Extracts with the highest content of biologically active components were tested for their in vitro cytotoxic activity against skin metastatic melanoma WM266-4 cells. The cells were grown in a complete medium with the following composition: 98.8% of Eagle’s Minimum Essential Medium (EMEM), 10% Foetal Bovine Serum (FBS), and 0.2% of MycoZap Plus-CL 500x. Cancer cells at a density of 1 × 10⁴ viable cells per well were incubated for 24 h in a 96 well culture plate to allow cell attachment. After that, the cells were exposed to A. montana extracts (c = 5; 4; 3; 2; 1; 0.5; 0.25; 0.1; 0.05; 0.01 mg/ml) for 24 h. The control cells were incubated in the medium without the added extract. The cells’ metabolic activity was measured spectrophotometrically with a colorimetric cell viability kit (WST 8, PromoKine, PromoCell, Heidelberg, Germany, EU). Absorbance was measured at 570 nm (630 nm background absorbance) in pentaplicates. The cells’ metabolic activity (MA) was calculated with the following equation:%MA =

$\%\mathit{M}\mathit{A}=\frac{\left(A_{570}-A_{630}\right) test sample}{(A_{570}-A_{630}) control}\times 100(1)$

Where A is the average absorbance calculated from the pentaplicates. Cell morphology before and after the exposure of the cells to the extract was observed using an inverted microscope (DFC365 FX Leica, Buffalo Grove IL, United States).

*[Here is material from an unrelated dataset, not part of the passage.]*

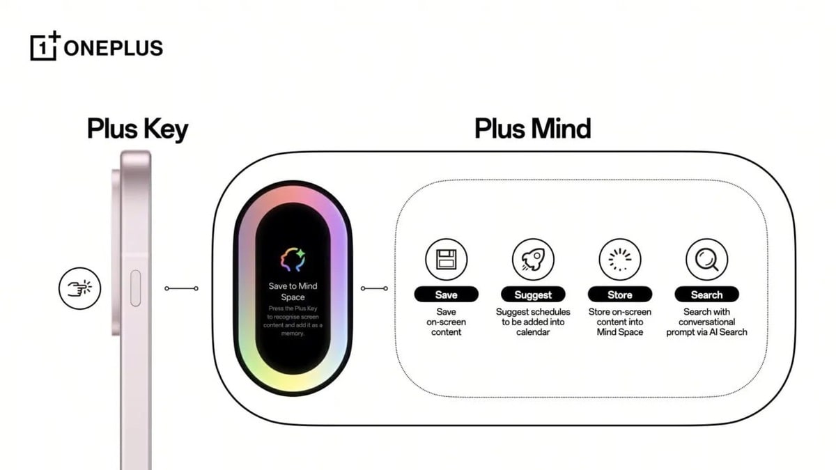 Neu ist die Plus-Mind-Funktion, die als digitaler Gedächtnisassistent fungiert. Per Dreifinger-Wischgeste oder Druck auf den Plus Key lassen sich Inhalte im sogenannten Mind Space speichern. Das System analysiert dabei intelligent gespeicherte Informationen wie Restaurantempfehlungen, Flugdetails oder WhatsApp-Nachrichten und macht diese per KI-Suche schnell wieder auffindbar.

A Muse Cell Analyzer and a Muse Annexin V and Dead Cell Kit (Luminex, Commercial Ave, Northbrook, IL) were used to examine apoptosis. Apoptosis was verified according to the manufacturer’s prescribed protocol Muse Annexin V and Dead Cell Kit catalog number MCH100105. After trypsinization of the cells, the cell suspensions were prepared for analysis. Briefly, Annexin V and dead cell reagent were added to each sample and mixed. The samples were analyzed using the Muse Cell Analyzer. Each experiment was performed in pentaplicate, and the mean value was determined.

3 Results and Discussion

3.1 Supercritical Fluid Extractions

Supercritical fluid extraction (SFE) was selected as the extraction method as it ensures efficient and rapid extraction, requires only moderate temperatures, eliminates the need for purification processes, and avoids the use of harmful organic solvents (Khaw et al., 2017). CO₂ is used most widely as the solvent, as it is non-explosive, non-toxic, easily accessible, and easy to separate from the extracted products (Yousefi et al., 2019). The extraction conditions and equipment used in this study are similar to those recently used in industrustrial plants for isolation of active compounds. Based on the obtained extraction yields, a quadratic equation was fitted for calculating the efficiency of the supercritical extractions, with the lower limits of 10 MPa and 40°C and upper limits of 30 MPa and 60°C.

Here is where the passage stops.